> _Material provided_:
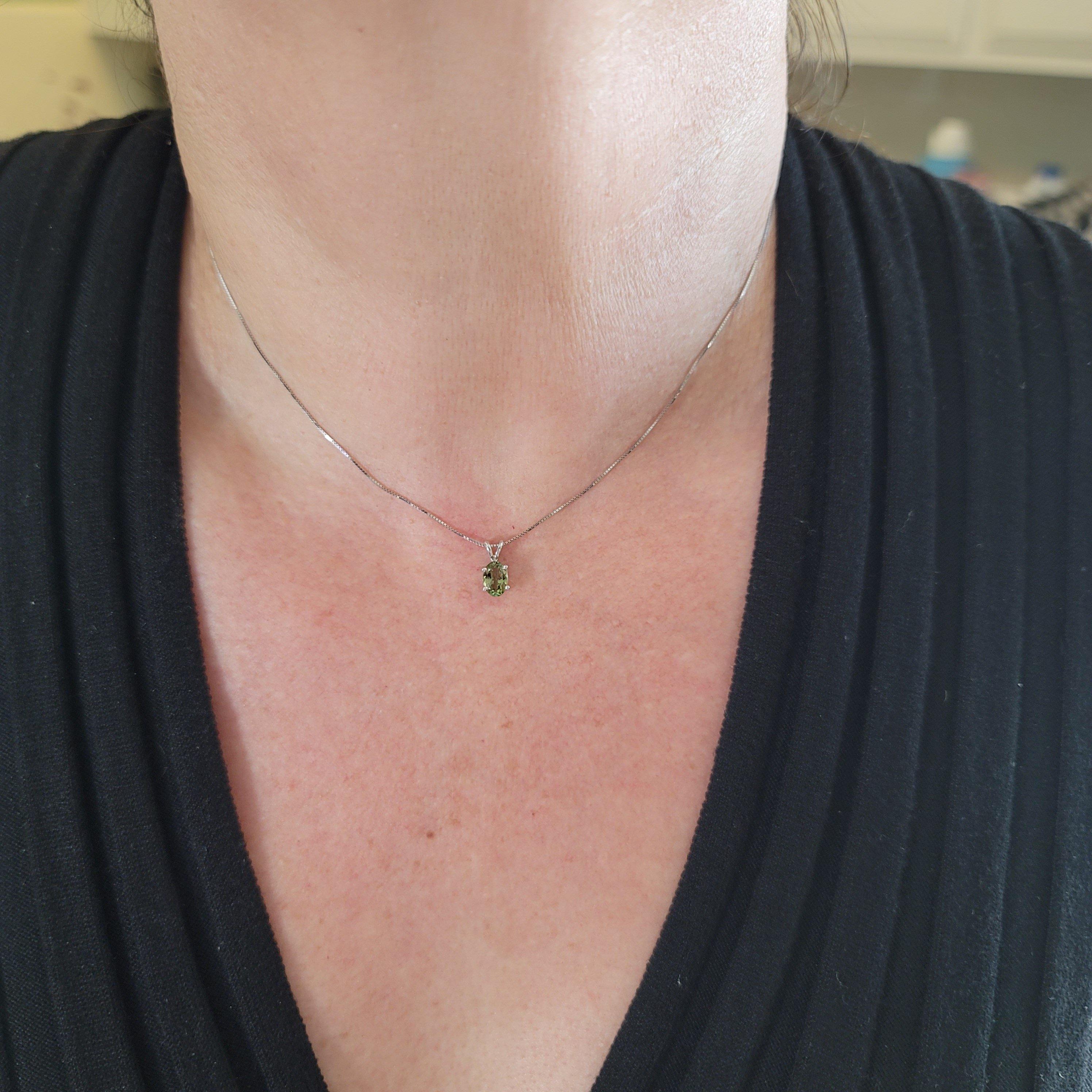 Extremely Rare Green Sapphire Oval Solitaire Necklace in 14K
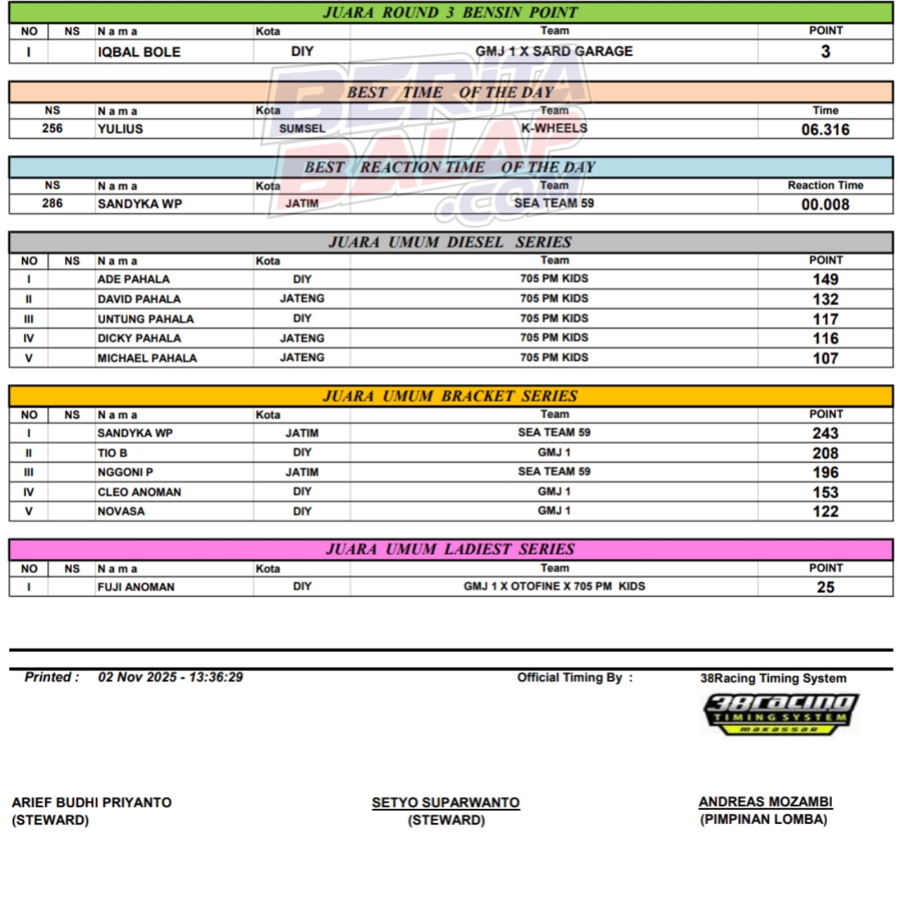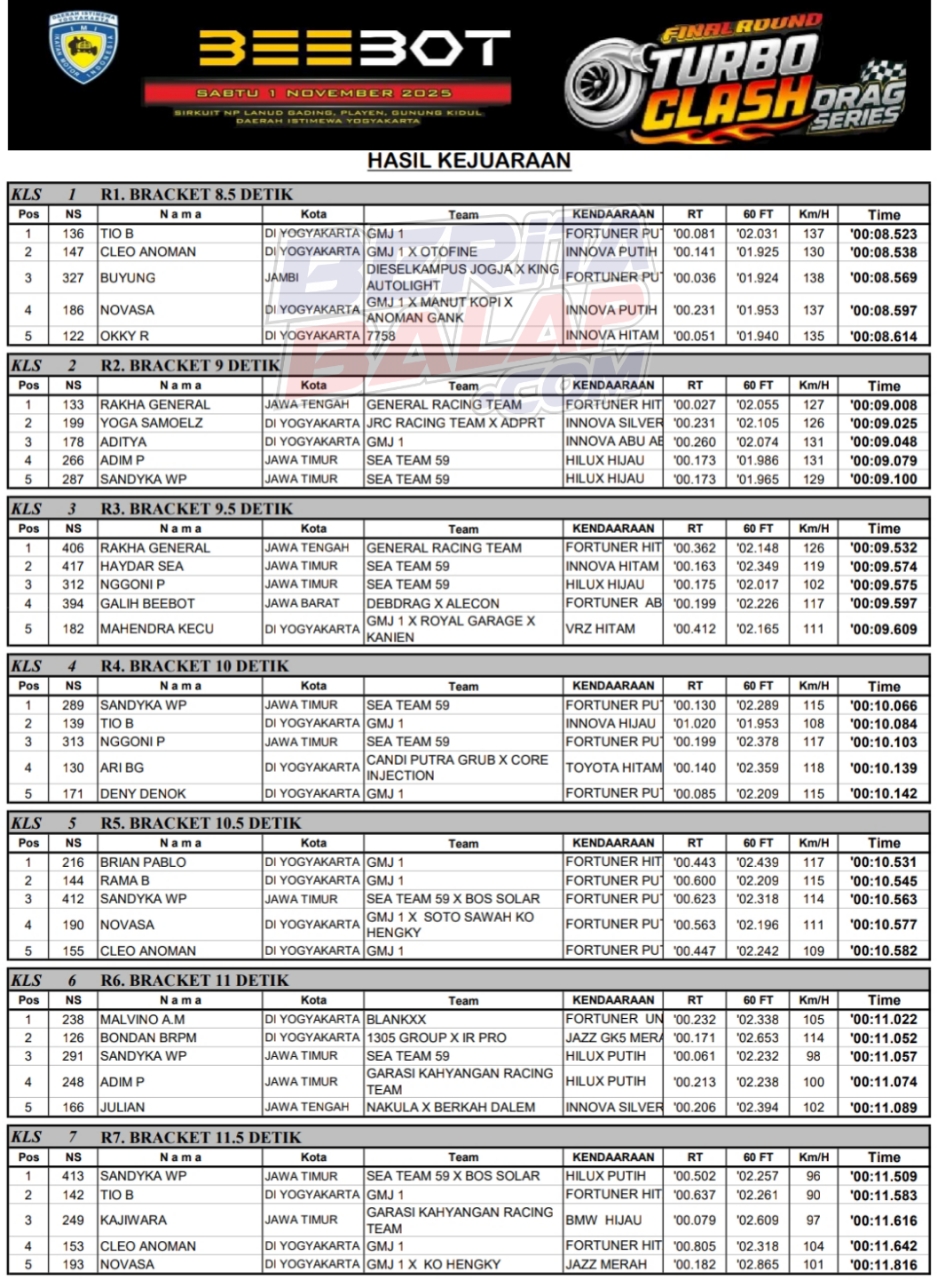 Balap Mobil Headline 2 November, 2025 Hasil Juara Final Turbo Clash Drag Series 2025 Wonosari Posted By: BeritaBalap.com Hasil Final Turbo Clash Drag Series 2025, Hasil Juara Final Turbo Clash Drag Series 2025 Wonosari, Hasil Turbo Clash Drag Series 2025, Turbo Clash Drag Series 2025 BeritaBalap.com- Berikut ini adalah hasil juara final Turbo Clash Drag Series 2025 yang berlangsung di lintasan NP Lanud Gading, Wonosari, Yogyakarta pada Minggu, 2 November. Edhot Facebook Comments
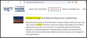 | May 8, 2023 Press Release: Wyoming Governor Gordon Highlights State’s Energy Leadership From Coal to Nuclear and Carbon Capture (https://governor.wyo.gov/news-releases/wyoming-governor-gordon-highlights-state-s-energy-leadership-from-coal-to-nuclear-and-carbon-capture) |

> _Task item_:
After removing the pictures, transcribe the listing above exactly.

> _Answer box_:
 Extremely Rare Green Sapphire Oval Solitaire Necklace in 14K
 Balap Mobil Headline 2 November, 2025 Hasil Juara Final Turbo Clash Drag Series 2025 Wonosari Posted By: BeritaBalap.com Hasil Final Turbo Clash Drag Series 2025, Hasil Juara Final Turbo Clash Drag Series 2025 Wonosari, Hasil Turbo Clash Drag Series 2025, Turbo Clash Drag Series 2025 BeritaBalap.com- Berikut ini adalah hasil juara final Turbo Clash Drag Series 2025 yang berlangsung di lintasan NP Lanud Gading, Wonosari, Yogyakarta pada Minggu, 2 November. Edhot Facebook Comments
 | May 8, 2023 Press Release: Wyoming Governor Gordon Highlights State’s Energy Leadership From Coal to Nuclear and Carbon Capture (https://governor.wyo.gov/news-releases/wyoming-governor-gordon-highlights-state-s-energy-leadership-from-coal-to-nuclear-and-carbon-capture) |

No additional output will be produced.